The problem: Give back the lines below exactly, but do not include any pictures.

Available data:
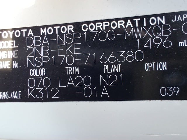 CHASSIS NO. | NSP170-7166380 |
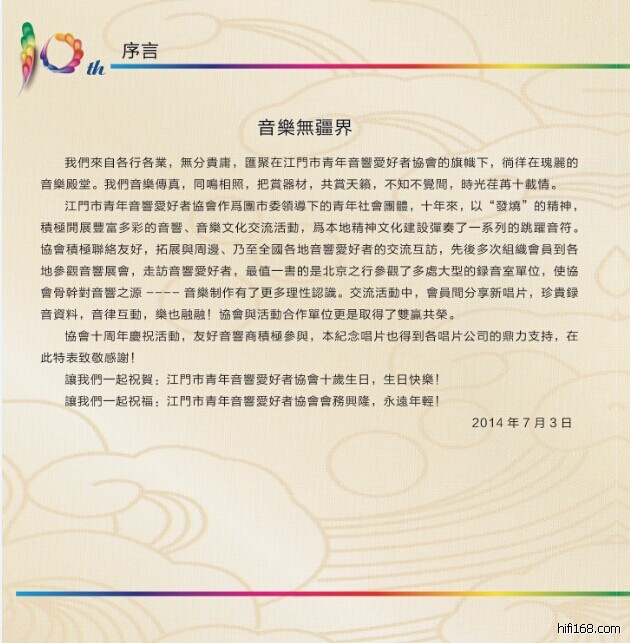 江门市青年音响爱好者协会成立十周年庆典活动通知:2014协会十周年庆祝活动继续得到各界友好单位的鼎力支持,延续协会周年庆祝活动的盛会,再现全国烧友友谊,团结,相聚的声势,现已基本确定活动安排如下:活动地点:江门市银晶国际酒店,7月5日10:00为开幕式及展览日,7月6日下午14:00—17:30为全国各地发烧友聚会,17:30-18:00拍合影照,18:30--20:00聚餐,20:00—22:00庆祝晚会。参加活动联系方式:广州地区请联系方老板,电话:34263812  13902241199,其他地区:请联系当地的热心烧友,江门地区:叶先生 13427230809。参加活动聚餐费用:按人头计算每人150.00元(含晚餐,晚会,送协会纪念CD一张)。这次盛会活动内容非常精彩,有雨果唱片易有伍主讲靓唱片,张春一主讲发烧唱片制作,小东主讲邓丽君极品黑胶收藏,著名演奏家马骁现场演奏古琴,实力派歌手王闻现场演唱,还有神秘嘉宾表演等等。活动奖品丰富,期待大家的积极参与,看看大奖这次花落谁家!
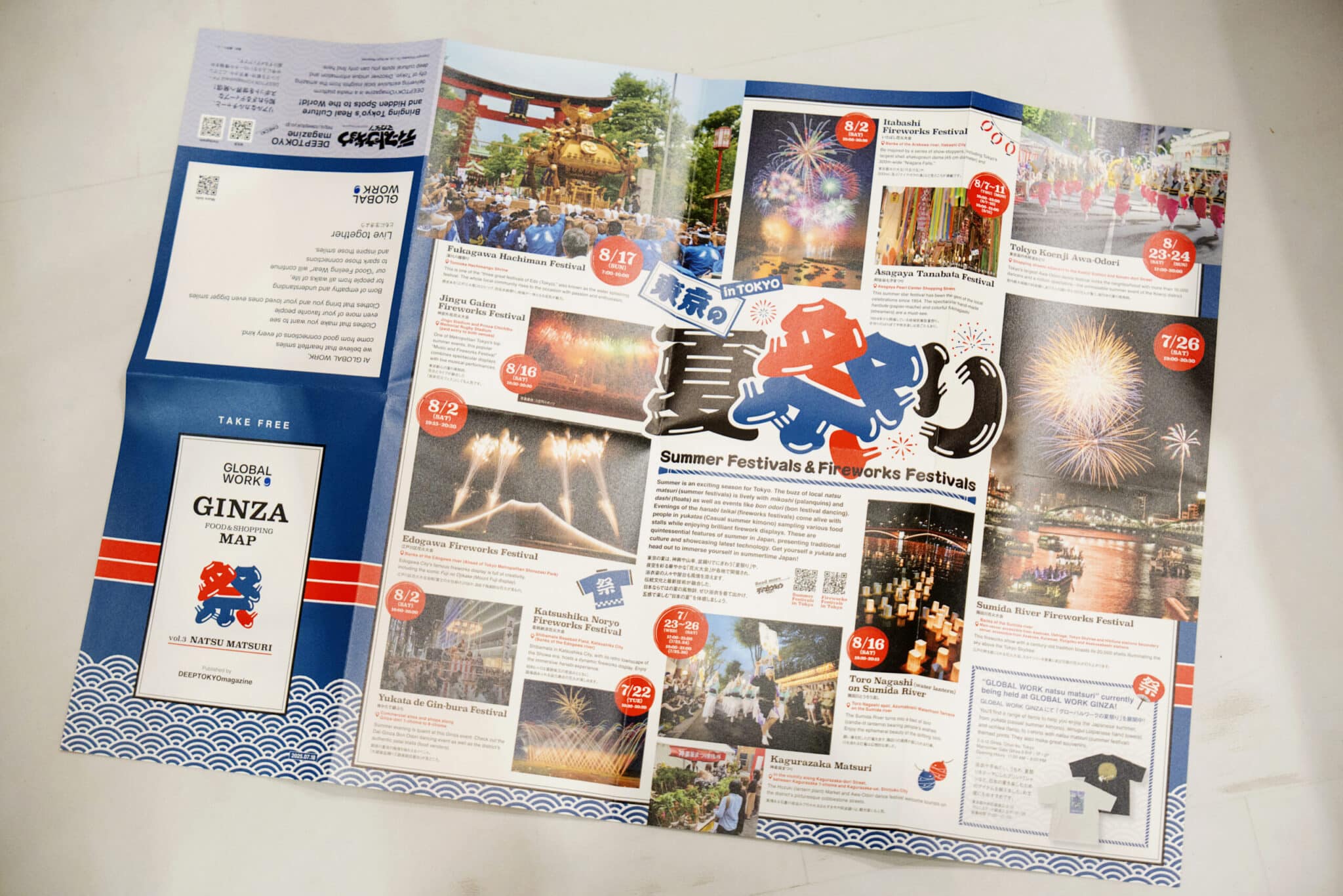Since the Ginza store's opening, the ongoing collaboration between GLOBAL WORK GINZA and DEEPTOKYO magazine has produced the 'GINZA MAP,' distributed free to customers in limited quantities. Each issue features content aligned with the Japan Content Corner's theme. This VOL.4 "natsu matsuri" edition showcases Tokyo's natsu matsuri and hanabi taikai on the front, with an illustrated map of Ginza's renowned establishments on the back.
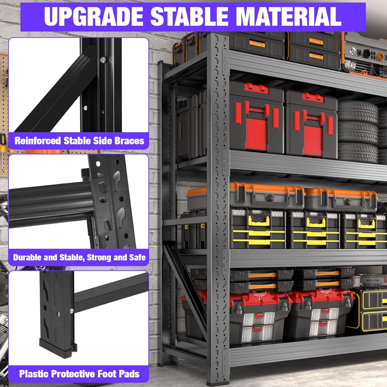 - ăHeavy-duty Garage Shelves with Big CapacityăThese wire garage shelving are made with highest quality industrial grade metal, thickened columns and beams ensure maximum stability in these garage shelving, the 4-tier heavy-duty wire shelving rack with up to 6000 pounds of weight capacity is what you really need!
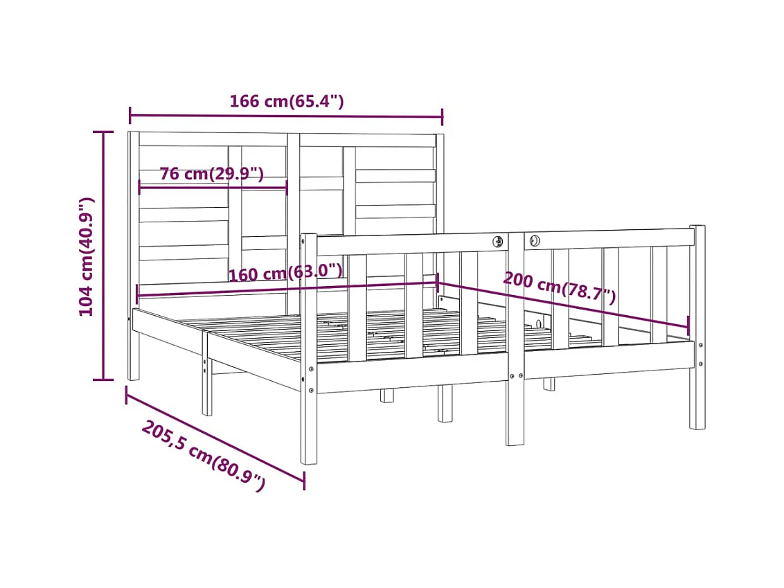 Struttura letto senza materasso bianco 160x200 cm in legno massello di pino
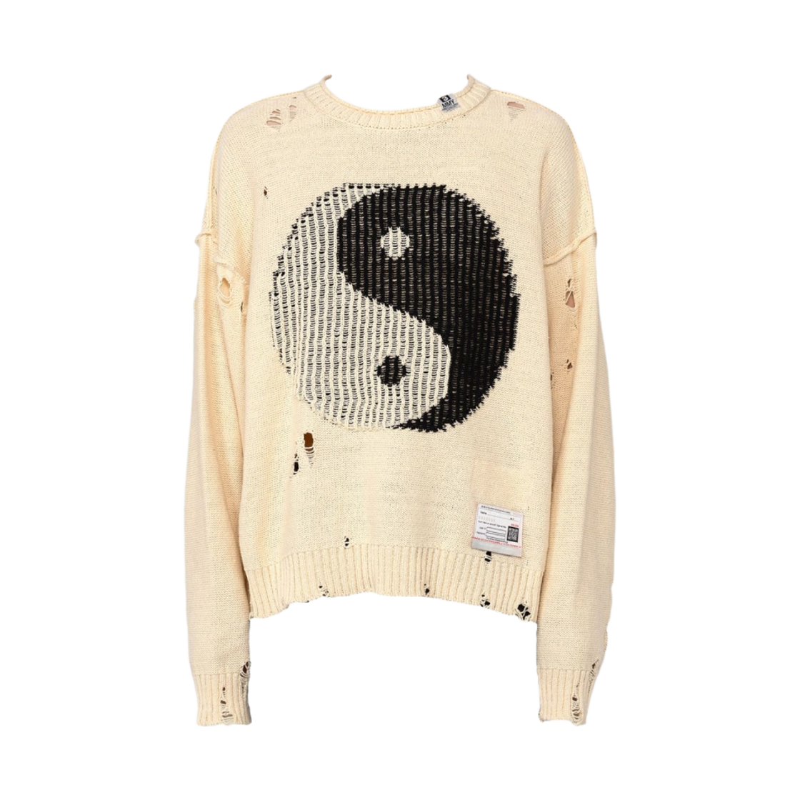 메종 미하라 야스히로 디스트레스 니트 스웨터 화이트
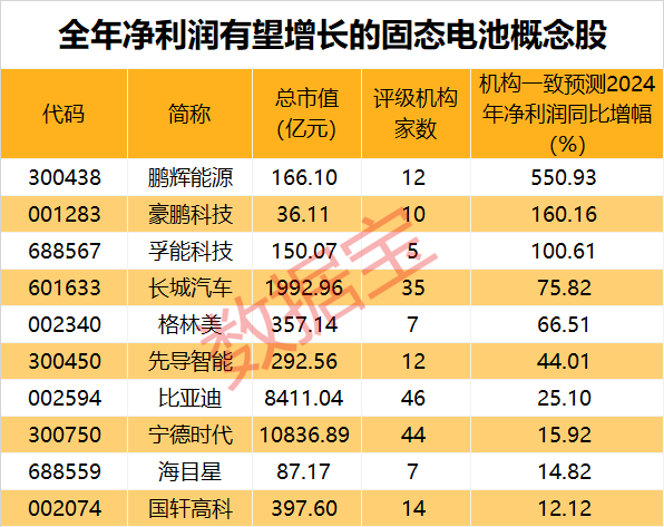 从主力资金净流入额来看,天奈科技、珈伟新能、江苏国泰等概念股的主力资金净流入额居前。而从机构评级来看,鹏辉能源、豪鹏科技、孚能科技、长城汽车等10股今年全年净利润有望实现同比超10%的增长。
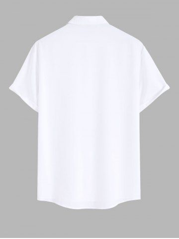 Plus Size Dragon Flower Fire Flame Print Button Pocket Shirt For Men - White - Xl
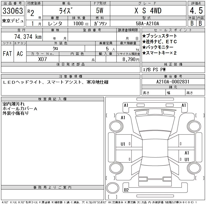 Год выпуска2020 Пробег 74 000 км КузовA210A КомплектацияX S 4WD
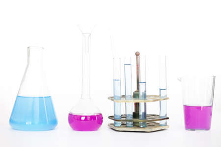 Chemical liquid in glass flasks and test tubes in a medical laboratory.
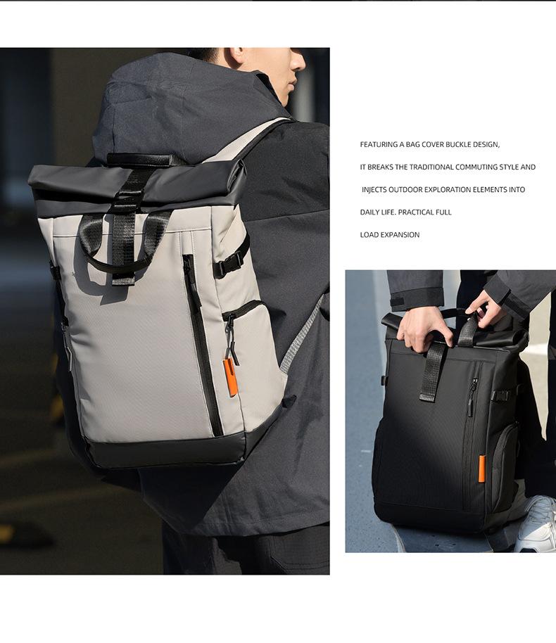 Mochila enrollable de moda transfronteriza para hombres y mujeres, de gran capacidad, mochila escolar para exteriores, viajes, casual para laptop
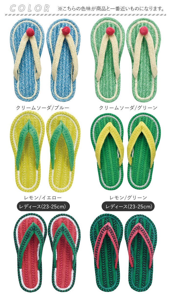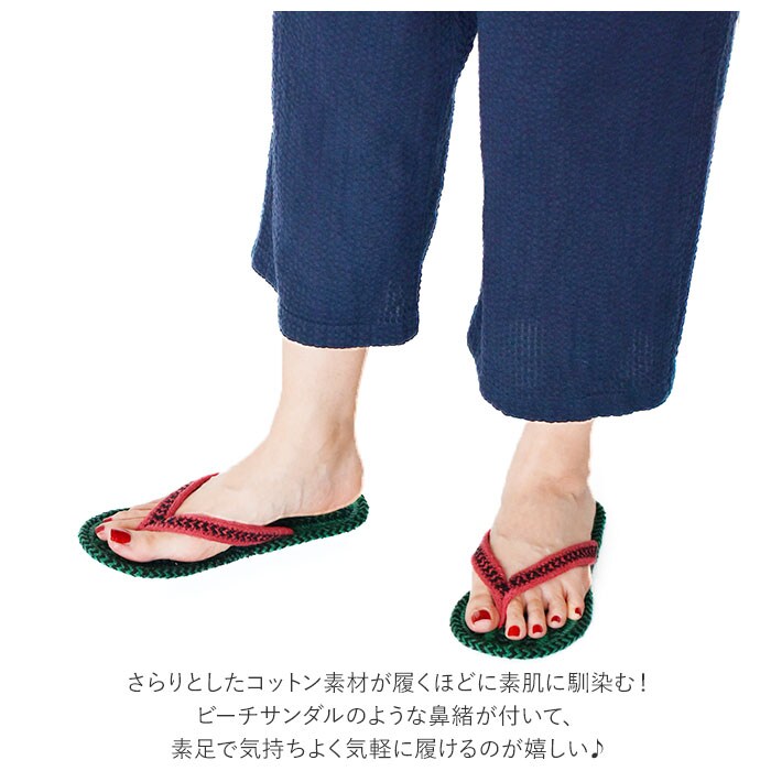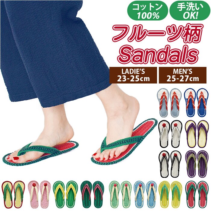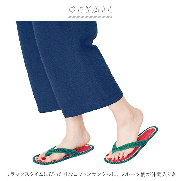 | 商品説明 | リラックスタイムにぴったりなコットンサンダルに、フルーツ柄が仲間入り♪さらりとしたコットン素材が履くほどに素肌に馴染む!ビーチサンダルのような鼻緒が付いて、素足で気持ちよく気軽に履けるのが嬉しい。汗や水分を程よく吸収するので、お風呂上がりにサッと履けて、フローリングでもペタペタしなくて快適◎鼻緒部分もコットン素材で、指の付け根が痛くなりにくい優しいつくり。スリッパのようにつま先が覆われていないので、真夏でも足がムレずに爽やか!汚れが気になったらご自宅で手洗いOK。いつも清潔に保てるのが嬉しい。メンズ用、レディース用それぞれ、ゆったり履けるフリーサイズ!鮮やかなカラーリングで夏らしさ全開のポップなデザイン♪ |
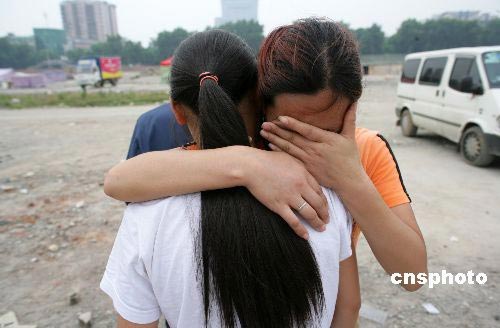 5月20日中午12時(shí)20分,在北川中學(xué)學(xué)生臨時(shí)安置點(diǎn),李春榕找到了尋找了六天的姐姐的女兒——北川中學(xué)初一六班的楊曉丹,在得知父母已不在人世時(shí),楊曉丹與小姨相擁而泣。中新社發(fā) 劉震 攝
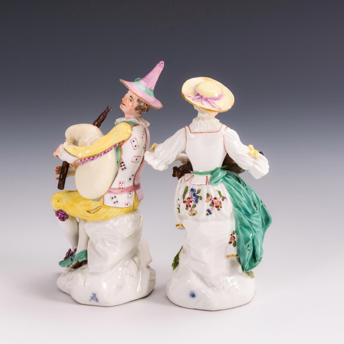 Mädchen mit Drehleier und Harlekin mit Dudelsack. Meissen.
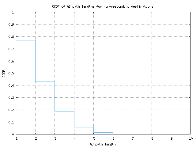 This graph shows the complementary cumulative distribution function (CCDF) of AS path lengths (number of Autonomous Systems) for probes whose destinations did not respond. The path length is instead the length to the last responding hop's AS.
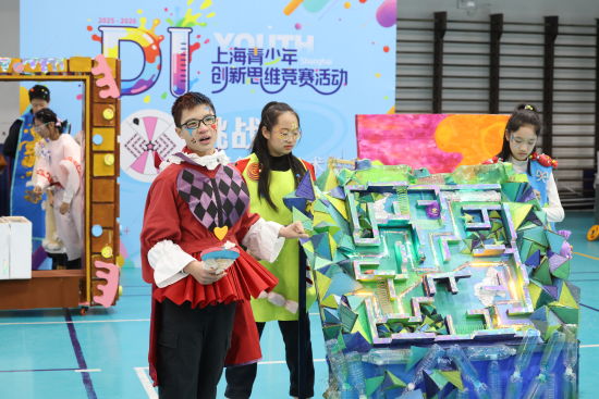 来自上海戏剧学院附属浦东新世界实验小学的“世界星”队是技术类挑战一等奖得主。今年的赛题“游戏争冠”要求参与者运用工程知识、调研技巧、策略规划等相关技能来完成任务。这支涵盖小学二年级至五年级的队伍以时空循环为叙事框架,讲述了不同角色轮流失忆的故事。每名成员都是首次参赛,在三个月的紧张备赛中,既要快速迸发创意,又要高效分工,有人擅长方案设计、有人专注手工制作、有人负责表达展示,形成了互补优势。“虽然每天排练很辛苦,但是比赛后看到观众的笑容,我们感到非常自豪!”五年级的邓圣雅表示。同为五年级的冀若韬表示,“DI锻炼了我们手工、表演、朗诵等能力”。
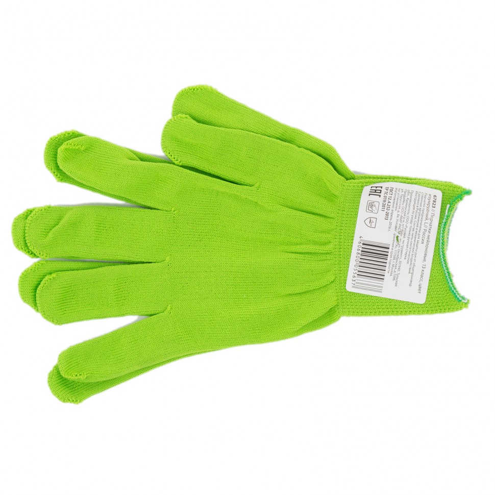 Перчатки 67823 изумрудного цвета, из нейлона, 13 класса вязки, размера L, надежно защищают руки от мозолей, ссадин, царапин и порезов. Тонкая ткань обеспечивает высокую тактильную чувствительность пальцев, поэтому перчатки подходят для работы с мелкими предметами. Будут полезны во время строительства, ремонта, сборочных работ, пригодятся также в быту.
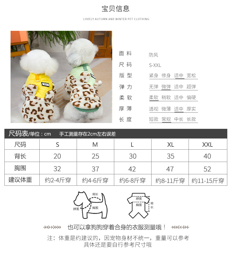 개 옷 가을과 겨울 두꺼운 고양이 공주 귀여운 표범 견인 면 옷 작은 개 테디 애완 동물 6522스토어 가기
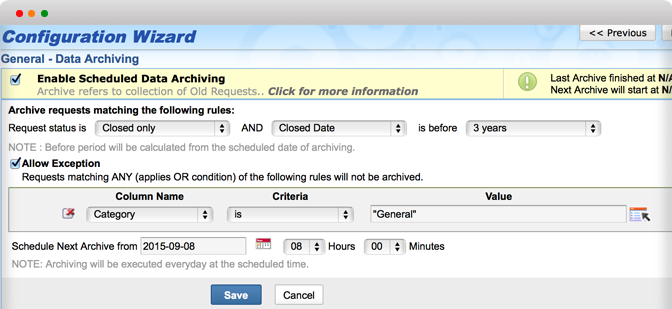 允許設(shè)置例外條件。例如:您可以設(shè)置將已關(guān)閉的2個(gè)月之前的數(shù)據(jù)歸檔,但是對優(yōu)先級為“高”的數(shù)據(jù)不歸檔。這里的“已關(guān)閉”和“2個(gè)月之前”就是歸檔條件,而“優(yōu)先級為高”則是例外。

Output for this task:
 CHASSIS NO. | NSP170-7166380 |
 江门市青年音响爱好者协会成立十周年庆典活动通知:2014协会十周年庆祝活动继续得到各界友好单位的鼎力支持,延续协会周年庆祝活动的盛会,再现全国烧友友谊,团结,相聚的声势,现已基本确定活动安排如下:活动地点:江门市银晶国际酒店,7月5日10:00为开幕式及展览日,7月6日下午14:00—17:30为全国各地发烧友聚会,17:30-18:00拍合影照,18:30--20:00聚餐,20:00—22:00庆祝晚会。参加活动联系方式:广州地区请联系方老板,电话:34263812  13902241199,其他地区:请联系当地的热心烧友,江门地区:叶先生 13427230809。参加活动聚餐费用:按人头计算每人150.00元(含晚餐,晚会,送协会纪念CD一张)。这次盛会活动内容非常精彩,有雨果唱片易有伍主讲靓唱片,张春一主讲发烧唱片制作,小东主讲邓丽君极品黑胶收藏,著名演奏家马骁现场演奏古琴,实力派歌手王闻现场演唱,还有神秘嘉宾表演等等。活动奖品丰富,期待大家的积极参与,看看大奖这次花落谁家!
Since the Ginza store's opening, the ongoing collaboration between GLOBAL WORK GINZA and DEEPTOKYO magazine has produced the 'GINZA MAP,' distributed free to customers in limited quantities. Each issue features content aligned with the Japan Content Corner's theme. This VOL.4 "natsu matsuri" edition showcases Tokyo's natsu matsuri and hanabi taikai on the front, with an illustrated map of Ginza's renowned establishments on the back.
 - ăHeavy-duty Garage Shelves with Big CapacityăThese wire garage shelving are made with highest quality industrial grade metal, thickened columns and beams ensure maximum stability in these garage shelving, the 4-tier heavy-duty wire shelving rack with up to 6000 pounds of weight capacity is what you really need!
 Struttura letto senza materasso bianco 160x200 cm in legno massello di pino
 메종 미하라 야스히로 디스트레스 니트 스웨터 화이트
 从主力资金净流入额来看,天奈科技、珈伟新能、江苏国泰等概念股的主力资金净流入额居前。而从机构评级来看,鹏辉能源、豪鹏科技、孚能科技、长城汽车等10股今年全年净利润有望实现同比超10%的增长。
 Plus Size Dragon Flower Fire Flame Print Button Pocket Shirt For Men - White - Xl
 Год выпуска2020 Пробег 74 000 км КузовA210A КомплектацияX S 4WD
 Chemical liquid in glass flasks and test tubes in a medical laboratory.
 Mochila enrollable de moda transfronteriza para hombres y mujeres, de gran capacidad, mochila escolar para exteriores, viajes, casual para laptop
 | 商品説明 | リラックスタイムにぴったりなコットンサンダルに、フルーツ柄が仲間入り♪さらりとしたコットン素材が履くほどに素肌に馴染む!ビーチサンダルのような鼻緒が付いて、素足で気持ちよく気軽に履けるのが嬉しい。汗や水分を程よく吸収するので、お風呂上がりにサッと履けて、フローリングでもペタペタしなくて快適◎鼻緒部分もコットン素材で、指の付け根が痛くなりにくい優しいつくり。スリッパのようにつま先が覆われていないので、真夏でも足がムレずに爽やか!汚れが気になったらご自宅で手洗いOK。いつも清潔に保てるのが嬉しい。メンズ用、レディース用それぞれ、ゆったり履けるフリーサイズ!鮮やかなカラーリングで夏らしさ全開のポップなデザイン♪ |
 5月20日中午12時(shí)20分,在北川中學(xué)學(xué)生臨時(shí)安置點(diǎn),李春榕找到了尋找了六天的姐姐的女兒——北川中學(xué)初一六班的楊曉丹,在得知父母已不在人世時(shí),楊曉丹與小姨相擁而泣。中新社發(fā) 劉震 攝
 Mädchen mit Drehleier und Harlekin mit Dudelsack. Meissen.
 This graph shows the complementary cumulative distribution function (CCDF) of AS path lengths (number of Autonomous Systems) for probes whose destinations did not respond. The path length is instead the length to the last responding hop's AS.
 来自上海戏剧学院附属浦东新世界实验小学的“世界星”队是技术类挑战一等奖得主。今年的赛题“游戏争冠”要求参与者运用工程知识、调研技巧、策略规划等相关技能来完成任务。这支涵盖小学二年级至五年级的队伍以时空循环为叙事框架,讲述了不同角色轮流失忆的故事。每名成员都是首次参赛,在三个月的紧张备赛中,既要快速迸发创意,又要高效分工,有人擅长方案设计、有人专注手工制作、有人负责表达展示,形成了互补优势。“虽然每天排练很辛苦,但是比赛后看到观众的笑容,我们感到非常自豪!”五年级的邓圣雅表示。同为五年级的冀若韬表示,“DI锻炼了我们手工、表演、朗诵等能力”。
 Перчатки 67823 изумрудного цвета, из нейлона, 13 класса вязки, размера L, надежно защищают руки от мозолей, ссадин, царапин и порезов. Тонкая ткань обеспечивает высокую тактильную чувствительность пальцев, поэтому перчатки подходят для работы с мелкими предметами. Будут полезны во время строительства, ремонта, сборочных работ, пригодятся также в быту.
 개 옷 가을과 겨울 두꺼운 고양이 공주 귀여운 표범 견인 면 옷 작은 개 테디 애완 동물 6522스토어 가기
 允許設(shè)置例外條件。例如:您可以設(shè)置將已關(guān)閉的2個(gè)月之前的數(shù)據(jù)歸檔,但是對優(yōu)先級為“高”的數(shù)據(jù)不歸檔。這里的“已關(guān)閉”和“2個(gè)月之前”就是歸檔條件,而“優(yōu)先級為高”則是例外。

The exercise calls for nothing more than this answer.